* [What is being asked] Skipping the images, transcribe each record below as it is.

START Record extracts

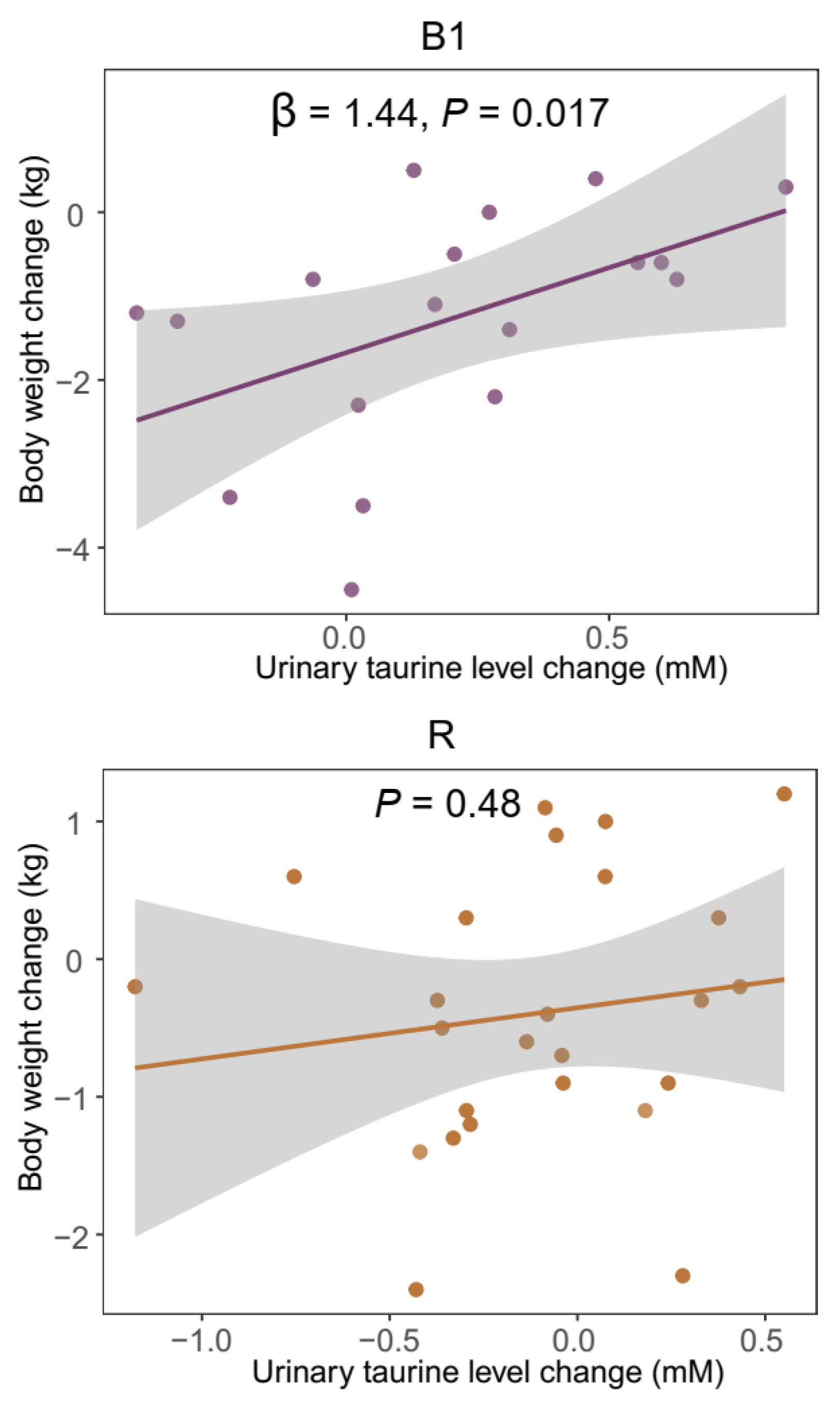 | Urinary taurine level change | 1.04 | 0.43 | 2.40 | 0.021 |
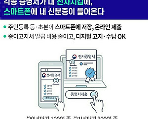 1. 전자증명서란? 전자증명서 서비스는 주민등록표등초본 등 각종 증명서를 전자문서 형태로 스마트폰에 저장했다가 은행이나 관공서 등에 온라인으로 제출할 수 있는 서비스입니다. 종이문서로만 발급받을 수 있었던 증명서와 확인서를 전자증명서 형태로 발급할 수 있고 공공기관과 은행, 지자체 등에 제출할 수 있게 됩니다. 스마트폰의 전자문서지갑에 보관했다가 필요할 때 마다 사용할 수 있어 다양한 증명서 제출이 쉬워지게 됩니다. 예를들어 아르바이트를 위해 신분증명서를 제출할때 스마트폰으로 발급받은 신분증명서를 제출하면 됩니다. 또한 은행에서 요구하는 각종 증명서들을 스마트폰의 전자문서지갑에 보관된 전자증명서를 제출하면 됩니다. 전자증명서의 기본 구조는 스마트폰에 전자문서지갑을 설치해 발급받은 증명서를 전자증명서로 보..
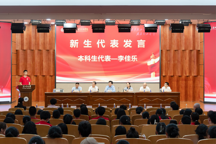思考探索不懈怠,开拓视野见新天。作为教师代表,2023年温州市优秀班主任、思政系系主任孙金波老师以“学习即生活”为主题向新生致词。
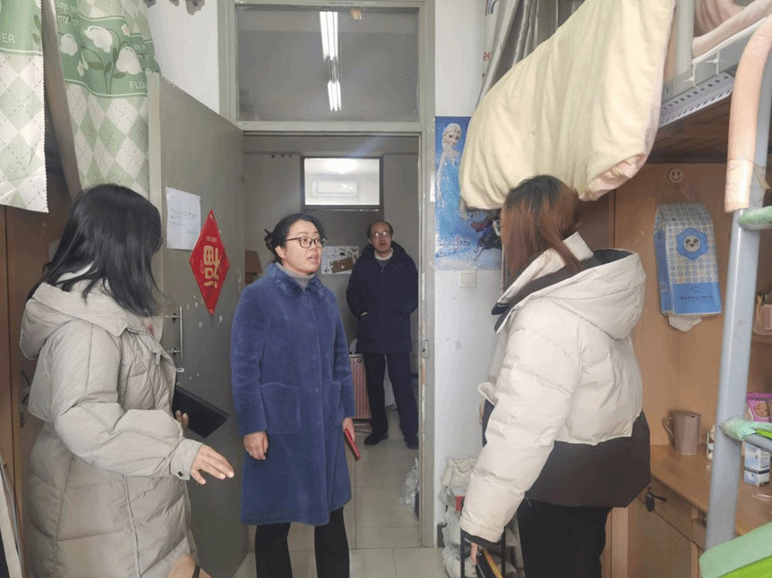 党委书记杨如丽和党委副书记郑庆秋与全体辅导员老师一同深入学院学生宿舍,对学生宿舍用电及安全情况进行了检查,尤其对可能使用的大功率违规电器等进行了仔细排查。辅导员们利用此次检查向学生们普及了宿舍安全知识,提醒他们注意用电安全、防火防盗等事项。
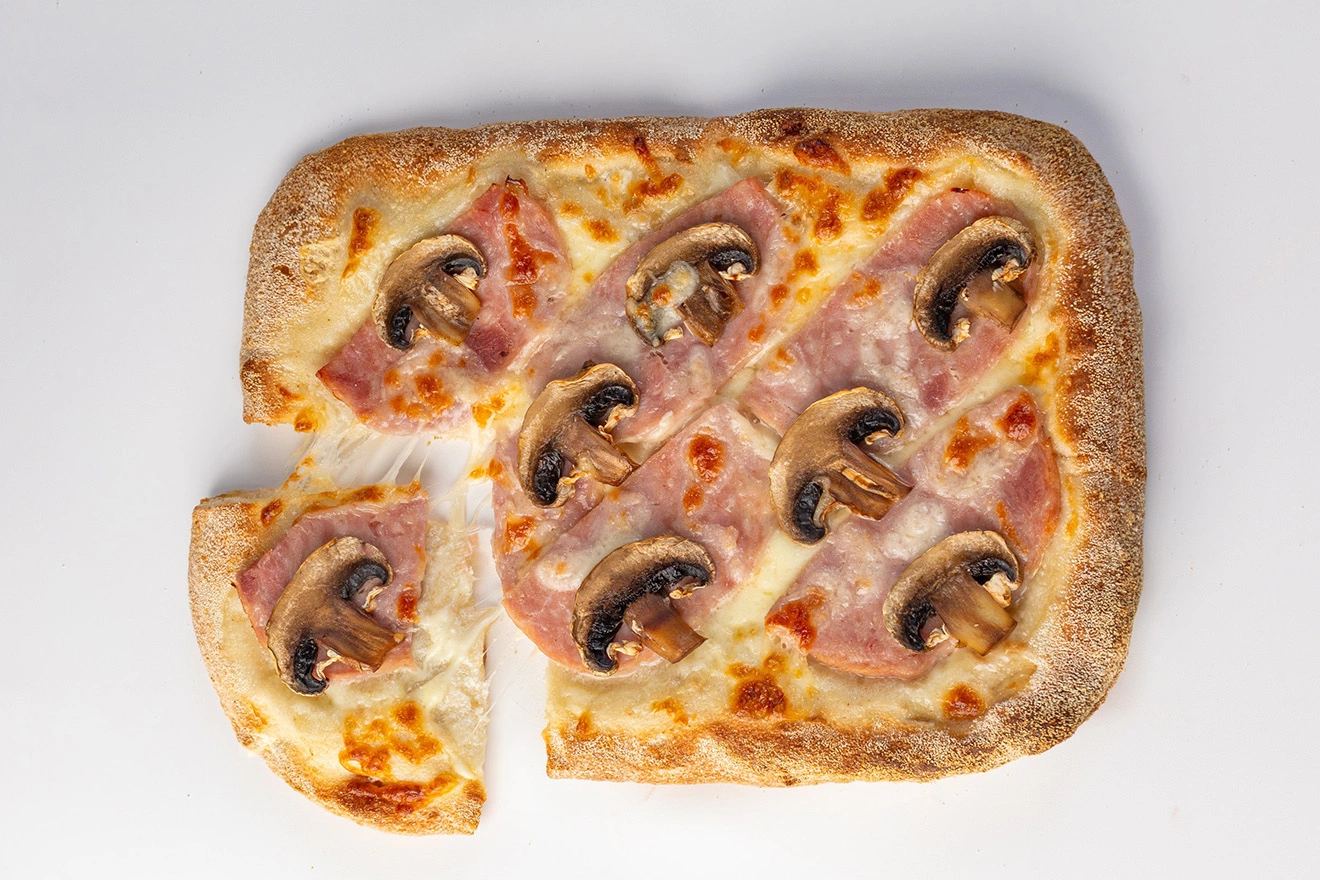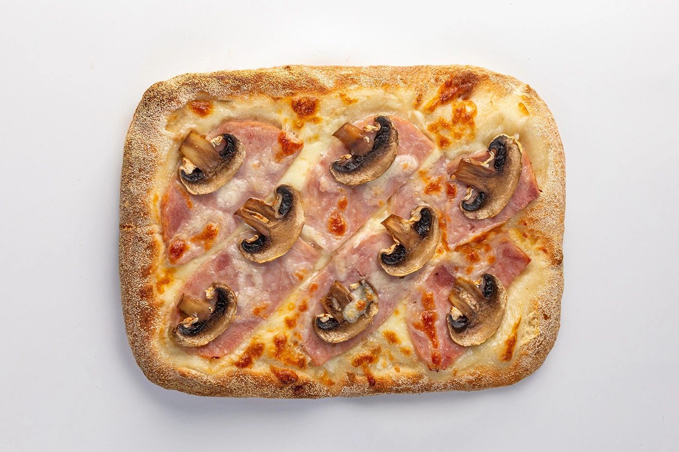 Корж для пиццы (мука из мягких сортов пшениц типа "00", закваска пшеничная, мука из мягких сортов пшениц типа "0", прошедшая процесс натурального брожения и ферментации, масло подсолнечное рафинированное дезодорированное, вода питьевая, соль пищевая, дрожжи хлебопекарные), сыр Моцарелла м.д.ж. в сухом веществе 40% (молоко пастеризованное, соль пищевая, термофильная бактериальная закваска, молосвертывающий ферментный препарат микробного происхождения), ветчина для Тостов Жамбон (свинина, вода питьевая, соль пищевая, крахмал кукурузный, экстракты фруктов (лимон, лайм, апельсин, помего)), соус (сыр мягкий Кремчиз м.д.ж. в сухом веществе 70% (сливки нормализованные пастеризованные, соль пищевая, мезофильные бактериальные закваски), масло подсолнечное рафинированное дезодорированное, сливки питьевые м.д.ж. 22% (сливки нормализованные), вода питьевая, лук репчатый сушеный жареный (лук репчатый сушеный хлопья, масло подсолнечное рафинированное дезодорированное), соль пищевая, сахар), грибы шампиньоны свежие.
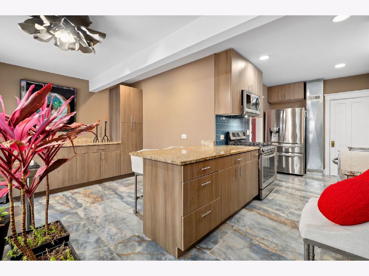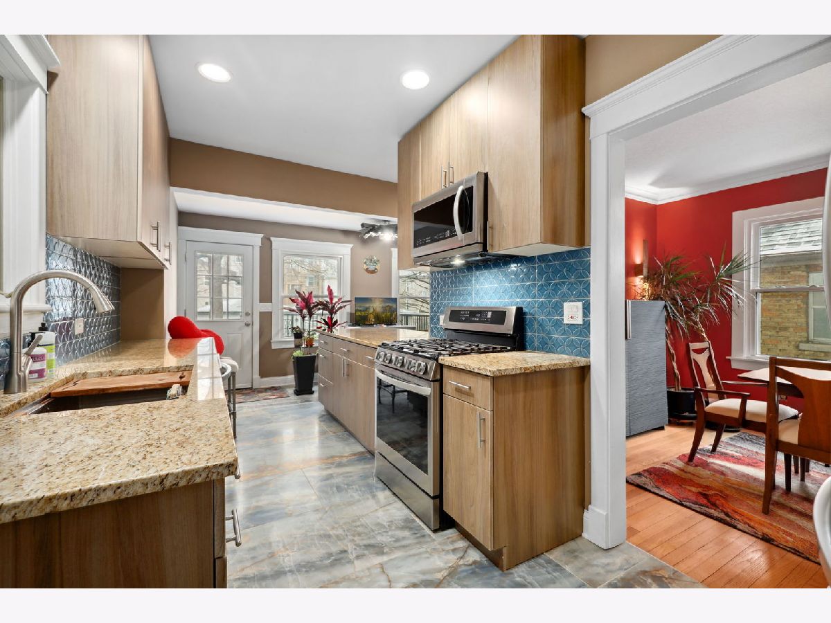 You won't want to miss this charming updated four square. You will notice the beautifully refinished hardwood floors when you enter the cozy living room. Conveniently situated off the dining room is an updated powder room. The fully renovated eat-in kitchen is a chef's dream featuring abundant cabinetry, miles of counter space, a gorgeous custom backsplash along with an island and stainless steel appliances. Truly a knock out kitchen! From here you can access the backyard and the large custom composite deck. All three generous bedrooms are located upstairs along with a lovely fully remodeled bath. There is nothing to do but move in! All in a perfect Oak Park location close to transportation, shopping and all OP has to offer!
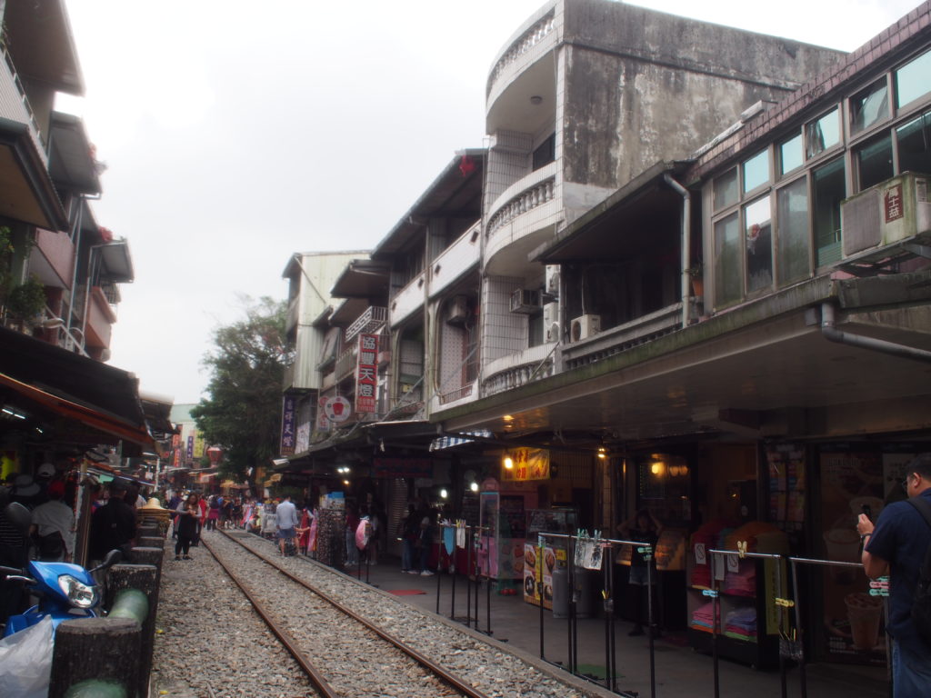 十分はこの狭い建物の間に電車が通る光景が有名。電車の本数は少ないので、普段は人が行き交う。

END Record extracts

* [Solution]
 | Urinary taurine level change | 1.04 | 0.43 | 2.40 | 0.021 |
 1. 전자증명서란? 전자증명서 서비스는 주민등록표등초본 등 각종 증명서를 전자문서 형태로 스마트폰에 저장했다가 은행이나 관공서 등에 온라인으로 제출할 수 있는 서비스입니다. 종이문서로만 발급받을 수 있었던 증명서와 확인서를 전자증명서 형태로 발급할 수 있고 공공기관과 은행, 지자체 등에 제출할 수 있게 됩니다. 스마트폰의 전자문서지갑에 보관했다가 필요할 때 마다 사용할 수 있어 다양한 증명서 제출이 쉬워지게 됩니다. 예를들어 아르바이트를 위해 신분증명서를 제출할때 스마트폰으로 발급받은 신분증명서를 제출하면 됩니다. 또한 은행에서 요구하는 각종 증명서들을 스마트폰의 전자문서지갑에 보관된 전자증명서를 제출하면 됩니다. 전자증명서의 기본 구조는 스마트폰에 전자문서지갑을 설치해 발급받은 증명서를 전자증명서로 보..
思考探索不懈怠,开拓视野见新天。作为教师代表,2023年温州市优秀班主任、思政系系主任孙金波老师以“学习即生活”为主题向新生致词。
 党委书记杨如丽和党委副书记郑庆秋与全体辅导员老师一同深入学院学生宿舍,对学生宿舍用电及安全情况进行了检查,尤其对可能使用的大功率违规电器等进行了仔细排查。辅导员们利用此次检查向学生们普及了宿舍安全知识,提醒他们注意用电安全、防火防盗等事项。
 Корж для пиццы (мука из мягких сортов пшениц типа "00", закваска пшеничная, мука из мягких сортов пшениц типа "0", прошедшая процесс натурального брожения и ферментации, масло подсолнечное рафинированное дезодорированное, вода питьевая, соль пищевая, дрожжи хлебопекарные), сыр Моцарелла м.д.ж. в сухом веществе 40% (молоко пастеризованное, соль пищевая, термофильная бактериальная закваска, молосвертывающий ферментный препарат микробного происхождения), ветчина для Тостов Жамбон (свинина, вода питьевая, соль пищевая, крахмал кукурузный, экстракты фруктов (лимон, лайм, апельсин, помего)), соус (сыр мягкий Кремчиз м.д.ж. в сухом веществе 70% (сливки нормализованные пастеризованные, соль пищевая, мезофильные бактериальные закваски), масло подсолнечное рафинированное дезодорированное, сливки питьевые м.д.ж. 22% (сливки нормализованные), вода питьевая, лук репчатый сушеный жареный (лук репчатый сушеный хлопья, масло подсолнечное рафинированное дезодорированное), соль пищевая, сахар), грибы шампиньоны свежие.
 You won't want to miss this charming updated four square. You will notice the beautifully refinished hardwood floors when you enter the cozy living room. Conveniently situated off the dining room is an updated powder room. The fully renovated eat-in kitchen is a chef's dream featuring abundant cabinetry, miles of counter space, a gorgeous custom backsplash along with an island and stainless steel appliances. Truly a knock out kitchen! From here you can access the backyard and the large custom composite deck. All three generous bedrooms are located upstairs along with a lovely fully remodeled bath. There is nothing to do but move in! All in a perfect Oak Park location close to transportation, shopping and all OP has to offer!
 十分はこの狭い建物の間に電車が通る光景が有名。電車の本数は少ないので、普段は人が行き交う。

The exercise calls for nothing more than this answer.